In an internal email first obtained by SpaceExplored, Musk said SpaceX faces bankruptcy if the company cannot “achieve a Starship flight rate of at least once every two weeks next year.”

“Unfortunately, the production crisis at Raptor is much worse than it appeared a few weeks ago. As we dug into the issues after the departure of previous senior management, they unfortunately turned out to be much more serious than what was first realized. had been reported. There’s no way to sugarcoat that,” Musk wrote in the email, which was sent the day after Thanksgiving. “Unless you have critical family issues or are physically unable to return to Hawthorne, we will need everyone on deck to recover from what is, frankly, a disaster.”

The news comes just over a week after two high-level SpaceX employees, including one who was cut from Raptor engine development, resigned from the company, CNBC reported.

SpaceX’s Starship, which is being developed in Boca Chica, Texas, is the largest rocket in the world and is meant to be fully reusable for multiple launches. Musk recently told the National Academy of Sciences that he would launch a first test with the rocket and its booster, the Super Heavy, in January or February next year.

Musk doesn’t expect Starship to survive its first test flight early next year, but he’s confident SpaceX will pull it off in 2022.

Starship is then intended to take astronauts to the moon in 2023 part of a nearly $3 billion contract between NASA and SpaceX.

Musk shared plans to revolutionize space travel with Starship and similarly designed rockets.
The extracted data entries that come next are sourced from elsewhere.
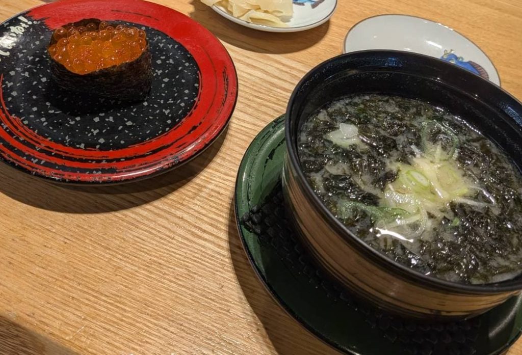 回転寿司もとっても美味しい!!毎回、いくら軍艦と海苔のお味噌汁はマストで注文w
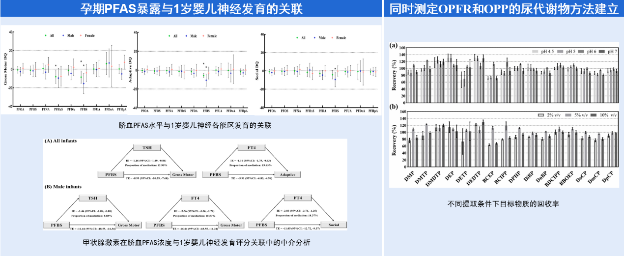 環(huán)境中新污染物對人類健康產(chǎn)生潛在不良影響,本重點實驗室建立同時測定尿液中有機磷阻燃劑和有機磷農(nóng)藥的檢測方法;評估孕期全氟化合物暴露對嬰兒神經(jīng)發(fā)育的影響及甲狀腺激素的潛在中介作用,為評價新污染物的環(huán)境健康風險提供科學依據(jù)。
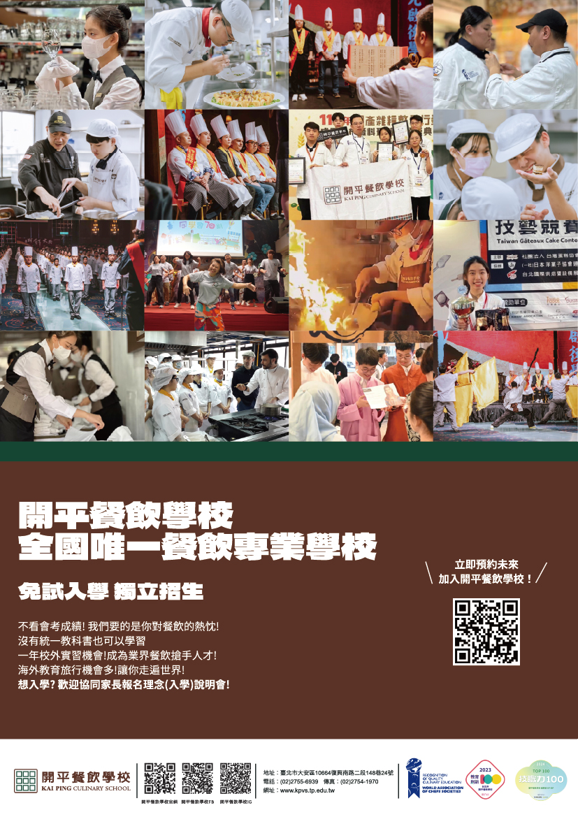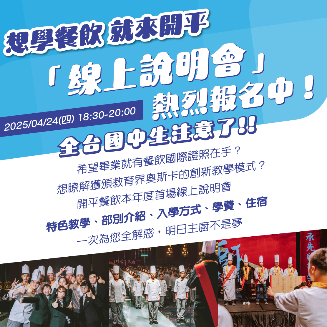 一、目的:為使更多國中學生對技職教育深入瞭解,臺北市私立開平餐飲職業學校辦理「實體理念說明會」及「線上理念說明會」,提供學生、家長認識臺北市私立開平餐飲職業學校教育理念與餐飲教學特色,協助增進國中學生及其家長對職業類科升學管道及學習內容之試探,期望開平優秀學子成為臺灣及國際餐飲界之人才。
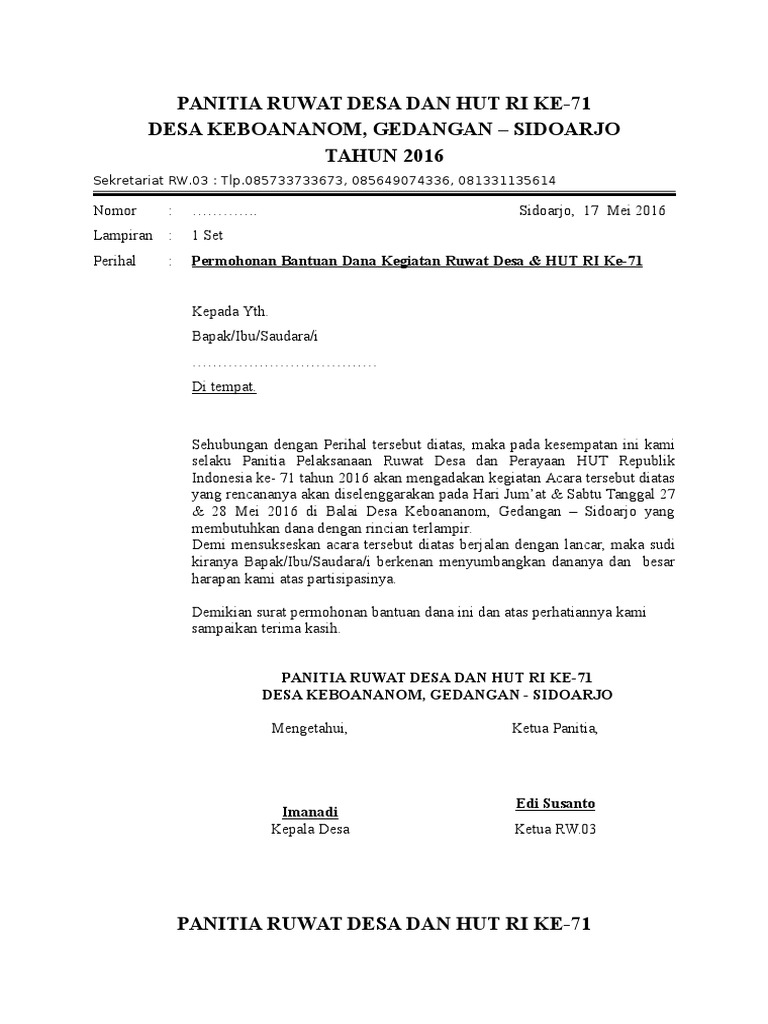 Contoh Surat Permohonan Bantuan Dana Dan Proposal Kegiatan Hut Ri
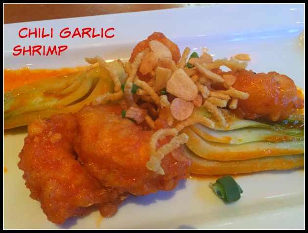 For appetizers try the, the Chili Garlic Shrimp. It is light yet crispy and has the pungeant flavor of chili. Sautéed garlic, bok choy, scallions, crunchy garlic chips and crispy ramen noodles give this dish an excellent crunch and unique flavor.
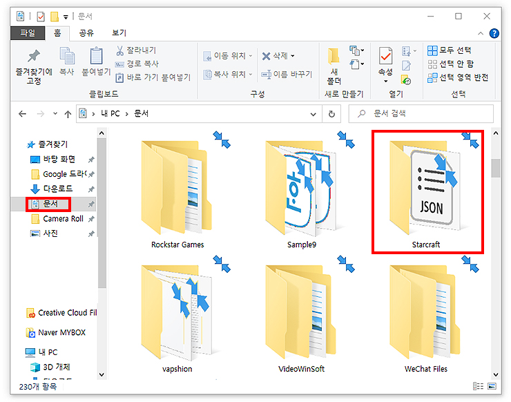 3. 문서에 있는 Starcraft 폴더를 찾아 더블클릭 합니다. (상단에 있는 문서 검색에서 스타크래프트를 영어로 입력하거나, S를 눌러 찾아 주시면 되겠습니다.)
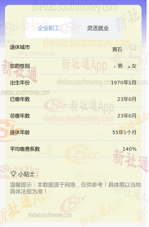 例如黄石,1970年出生女性,社保缴费档次为140%。
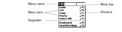 menuEvent with that menu item is generated. To support this behavior, you simply specify a shortcut character when you create a menu item resource. The default behavior of Palm OS handles this shortcut appropriately.

The rocket will one day take humans beyond the moon to other planets, the CEO said, and launch its next generation of Starlink satellites.

But development of the crucial Raptor engines, which are powered by burning methane and oxygen, is lagging behind, according to SpaceExplored, and Musk’s emails suggest the delay could have bigger implications for his plans for Starship and SpaceX as a whole.